Ç - 试图读取从标准输入一个字符（和失败）W / scanf函数/的getchar [英] C - trying to read a single char from stdin (and failing) w/ scanf / getchar

问题描述

作为家庭作业的一部分，我想从stdin读取一个单个字符，并采取行动根据它：

as a part of a homework assignment, I'm trying to read a single char from stdin, and act according to it:

char choice;

while (1) {
    printf("please enter [y]es, [n]o or [m]aybe: ");
    scanf("%c", choice);
    fflush(stdin);
    // validate input
    if (choice == 'y' || choice == 'n' || choice == 'm') {
        break;
    } else {
      printf("Please enter only \'y\', \'n\' or \'m\'!\n");
    }
}
// do something with the input
if (choice == 'y') {
    printf("you selected yes!\n");
}

由于某种原因，scanf的同时捕捉焦炭，换行之后，因此，它继续做与输入的东西，然后同时打印请输入只有'Y'，'n'或'M'！线。如果我在标准输入输入几个字符，将打印该行对所有的人，同时也是第一个字符的正确执行。因此，例如：

for some reason, scanf captures both the char and the line-feed after, thus it proceeds to do something with the input and then also prints the "Please enter only 'y', 'n' or 'm'!" line. If I enter several characters on the stdin, it will print that line for all of them, while also performing correctly for the first char. So, for example:

$ ./run
please enter [y]es, [n]o or [m]aybe: y<return>
you selected yes!
Please enter only 'y', 'n' or 'm'!
$ ./run
please enter [y]es, [n]o or [m]aybe: yes<return>
you selected yes!
Please enter only 'y', 'n' or 'm'!
Please enter only 'y', 'n' or 'm'!
Please enter only 'y', 'n' or 'm'!
$

如果我使用的getchar同样的事情发生。我在想什么？谢谢。

Same thing happens if I use getchar. What am I missing? thanks.

推荐答案

您需要scanf函数（和之间的空间％C 为它正常工作：

You need a space between scanf(" and the %c for it to work correctly:

scanf(" %c", &choice);

而且你还需要使用＆安培;！选择，而不是选择

And you also need to use &choice, not choice!

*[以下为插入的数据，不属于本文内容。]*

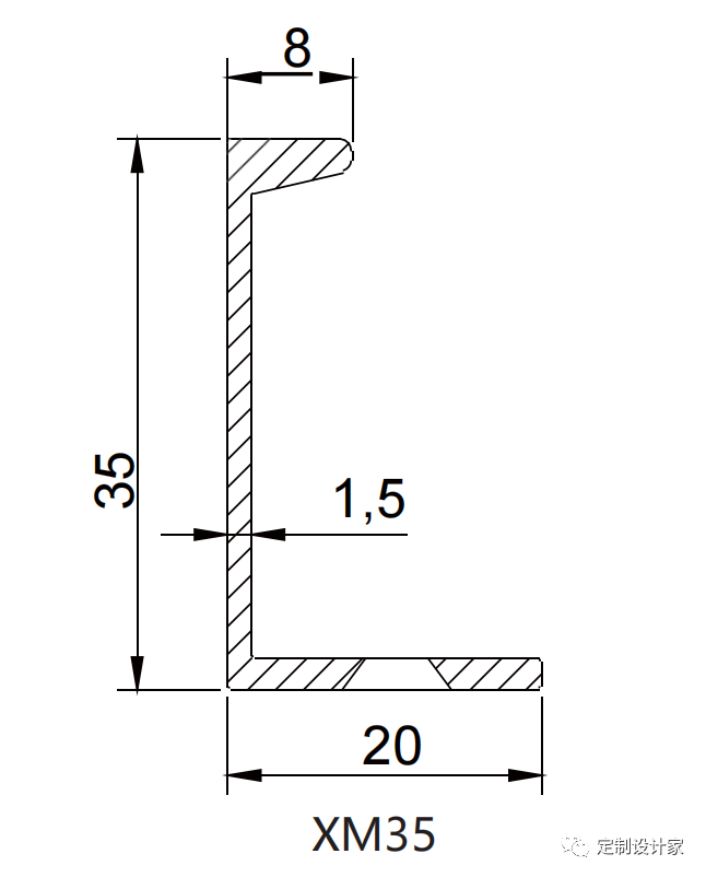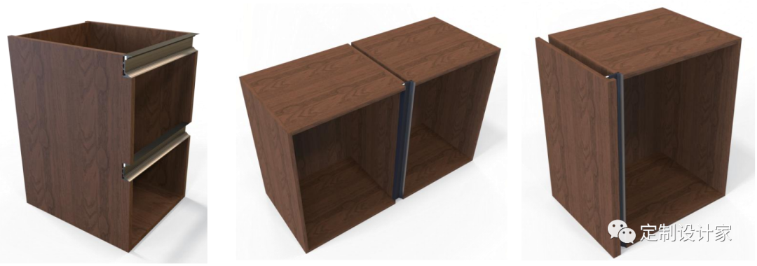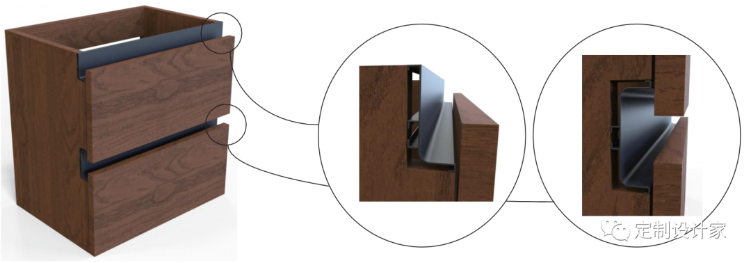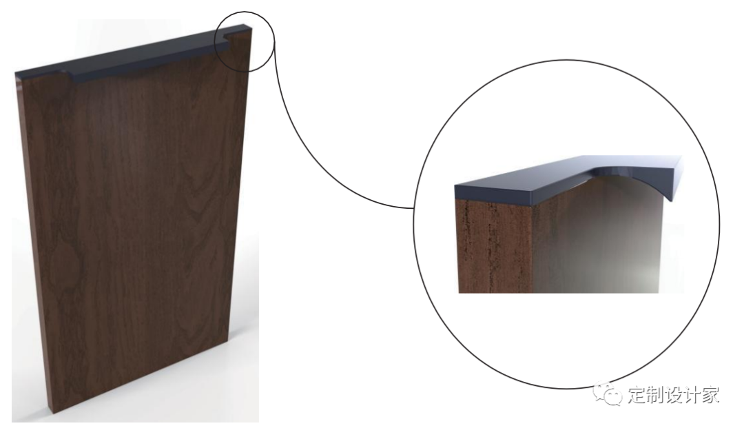 XM35为封边拉手的一种,安装在门板侧面,无需开豁,适配18木质门板, 总长为3000mm,可根据实际需求裁切(顶端安拉手除抽屉外,需两侧至少铣掉50mm,侧边安拉手可不铣型,也可根据设计师需求任意铣型)。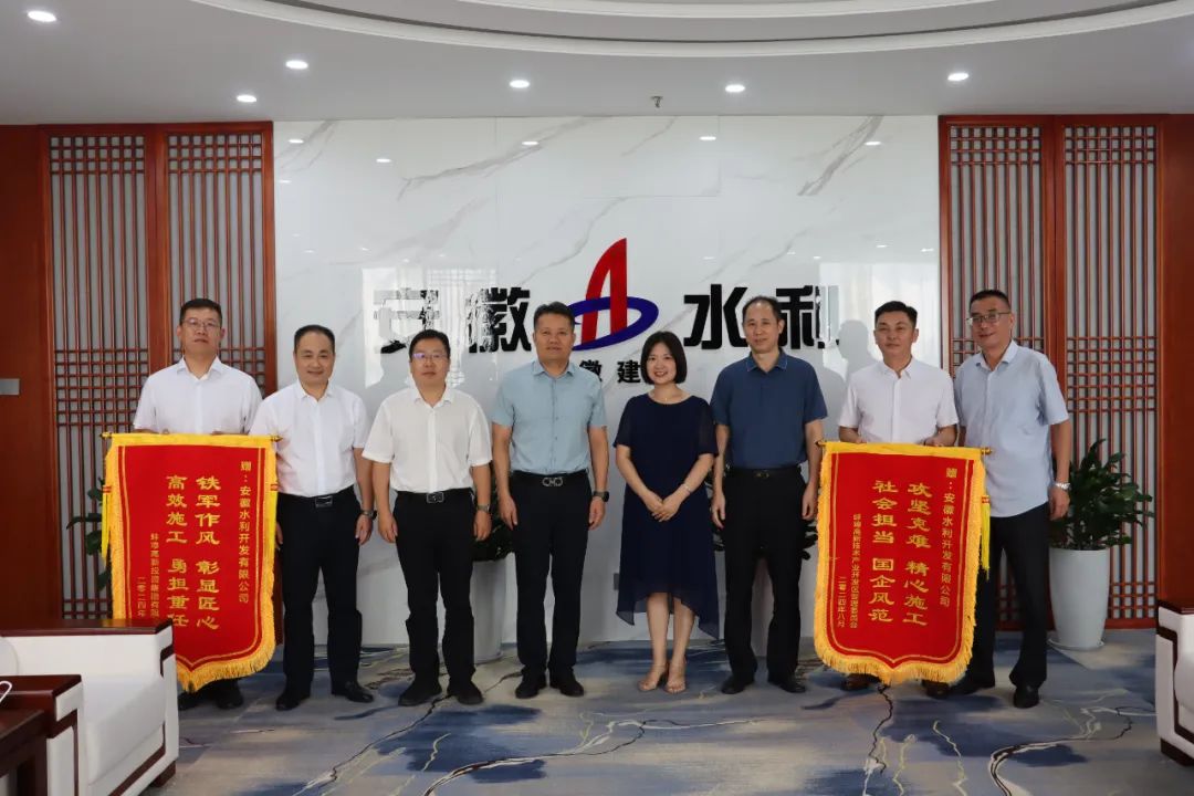 9月5日,蚌埠市高新區(qū)社會(huì)事業(yè)局黨委書(shū)記、局長(zhǎng)錢玉,蚌埠高新投資集團(tuán)有限公司黨委書(shū)記、董事長(zhǎng)李德旺,副總經(jīng)理陳輝一行來(lái)到安徽水利,將兩面錦旗送到建工股份副總經(jīng)理、安徽水利黨委書(shū)記、董事長(zhǎng)張鍵手中,并就進(jìn)一步深化合作開(kāi)展會(huì)談交流。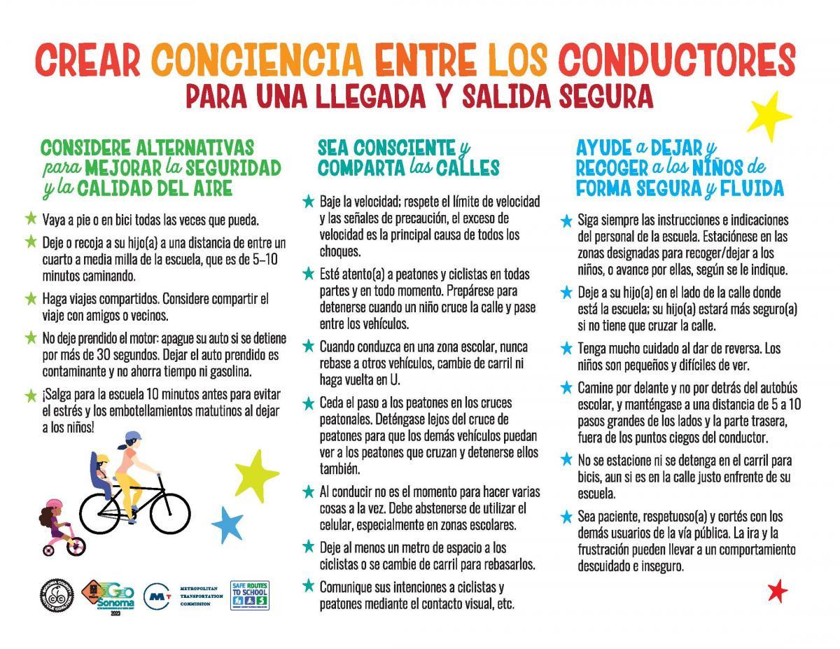 The following handouts may be posted on school/district websites, sent home via email or backpack mail, attached to school newsletters, passed out at events and more to promote bicycle & pedestrian safety and/or the benefits of walking, bicycling, and reducing traffic/emissions to your school community. Preview thumbnails below, then click on the highlighted English and/or Spanish text to download handouts or, in some cases, customizeable Word documents.
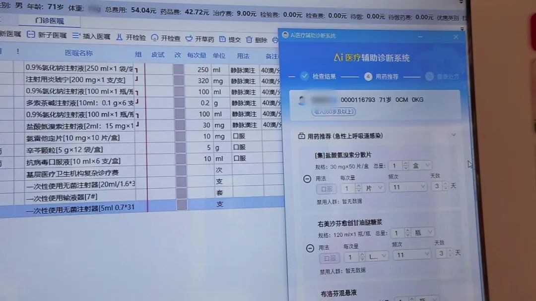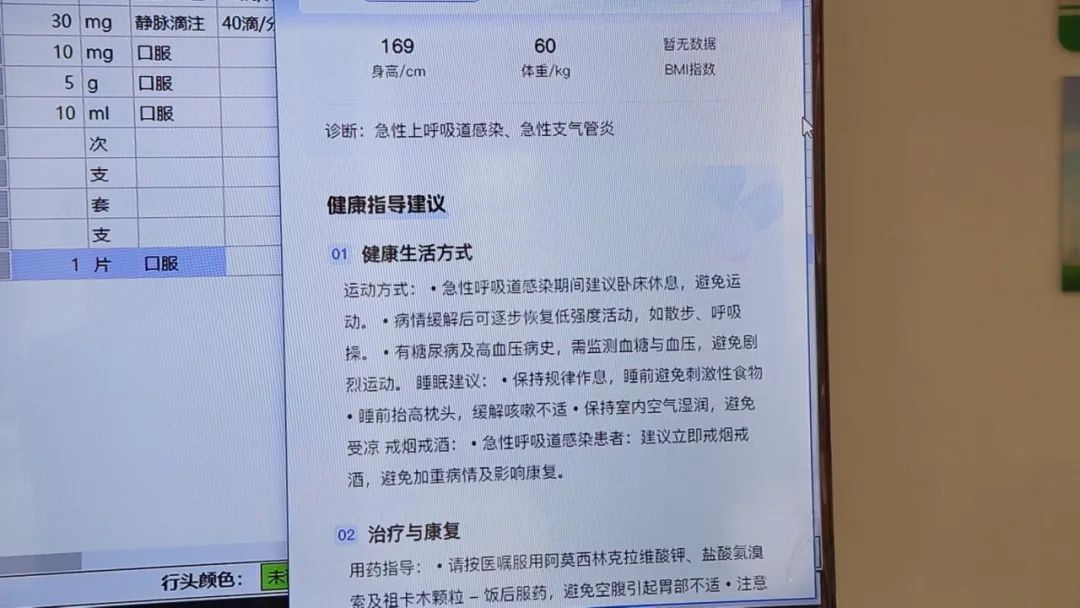 杨逍进一步介绍:“医生接诊患者后,只需填写相关信息,系统便会自动将这些信息传送给AI。AI会根据患者的身体状况,给出诊断建议和用药指导。诊疗结束后,AI还会根据患者情况提供营养建议,并生成健康处方。”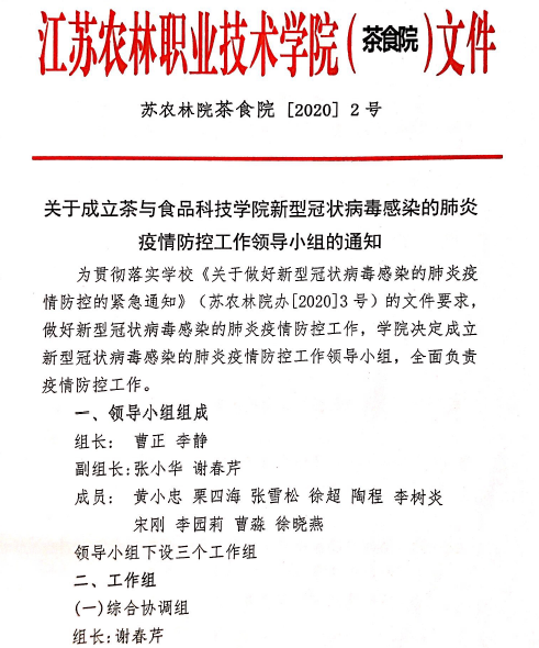 为积极响应学校疫情防控集结号,茶食院党政领导高度重视,迅速成立了二级学院疫情防控工作领导小组,并设立综合协调组、教师工作组、学生工作组三个小组,对疫情工作进行了详细的部署动员。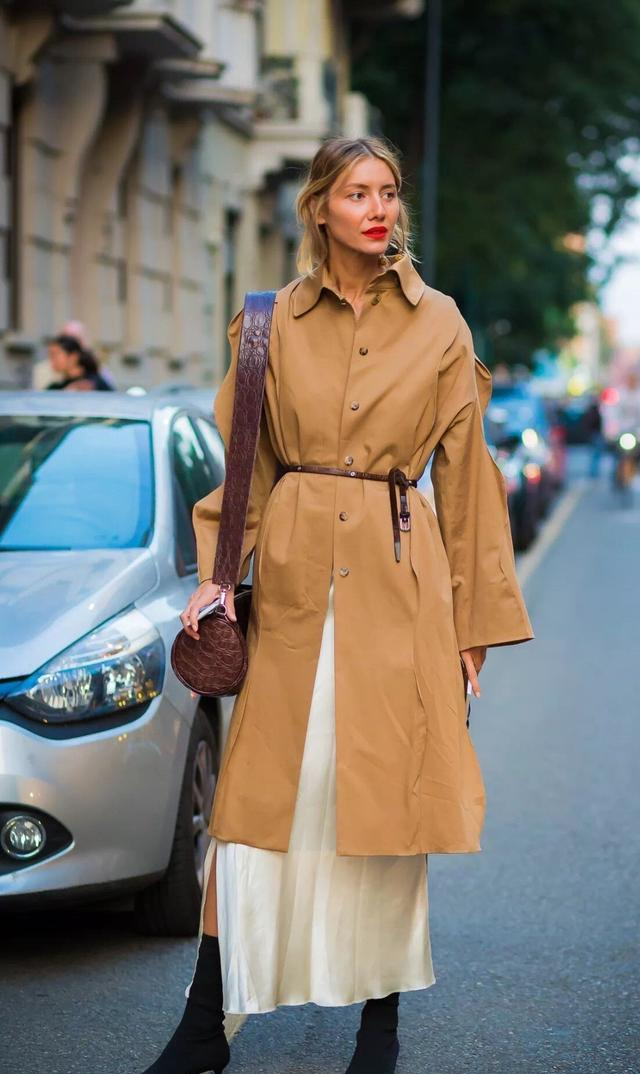 Dress is a very feminine single product. Its types are relatively diverse, and there are many styles that can be used with long trench coats. The line of the dress is relatively smooth, which strengthens the feminine characteristics, and the unique charm of the figure can also be well highlighted. The windbreaker jacket is also a more masculine single product that weakens the presence of women. Combining the two together, the dress can neutralize the masculine characteristics of the windbreaker, revealing a hint of femininity in its handsomeness, and it is unique.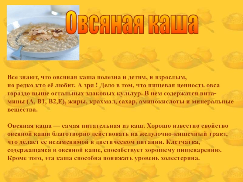 Слайд 23Овсяная каша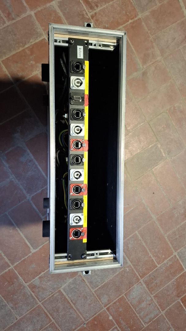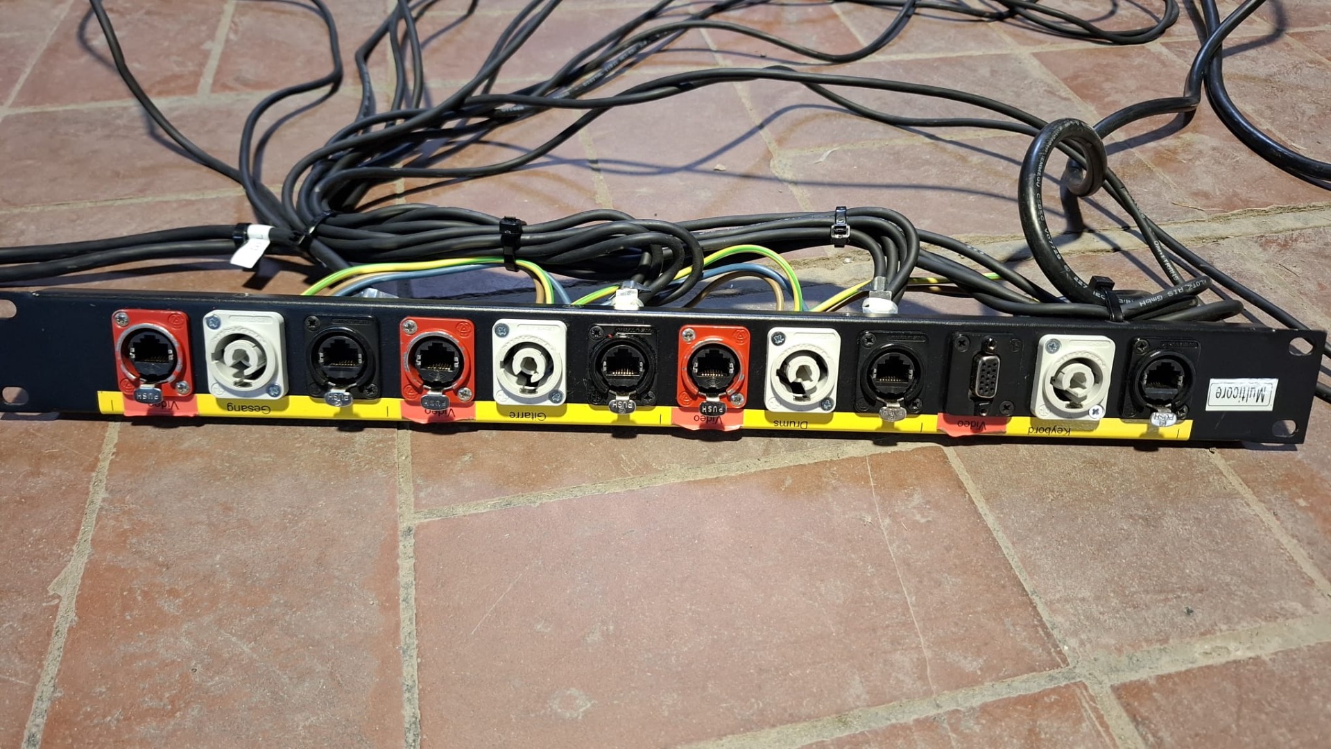 Bestehend aus einer 1 HE-Leiste mit Powercon Ausgängen sowie Video und 3x Signal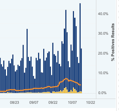 That number is substantially lower than Oct. 1, when the state reported 213 people with positive test results.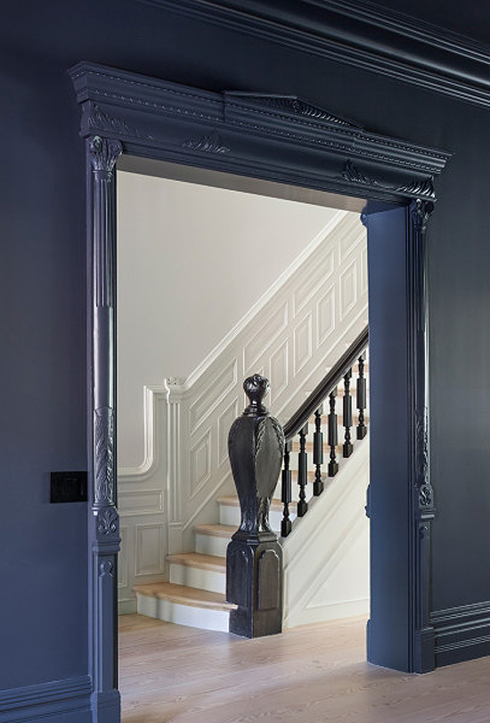 Seriously gorgeous! That kitchen!…That's your blue/black Kim 🙂 Love that mouldings around the door way…, such a contrast to the rest of the room.

编辑：当你在这，你可能想看看做的，而（）为循环（除非教授明确表示使用破）！ - 做的，而验证用户输入时的伟大工程

While you're at it, you might want to look into do while() for that loop (unless the professor specifically said to use a break) - do while works great when validating user input!

这篇关于Ç - 试图读取从标准输入一个字符（和失败）W / scanf函数/的getchar的文章就介绍到这了，希望我们推荐的答案对大家有所帮助，也希望大家多多支持IT屋！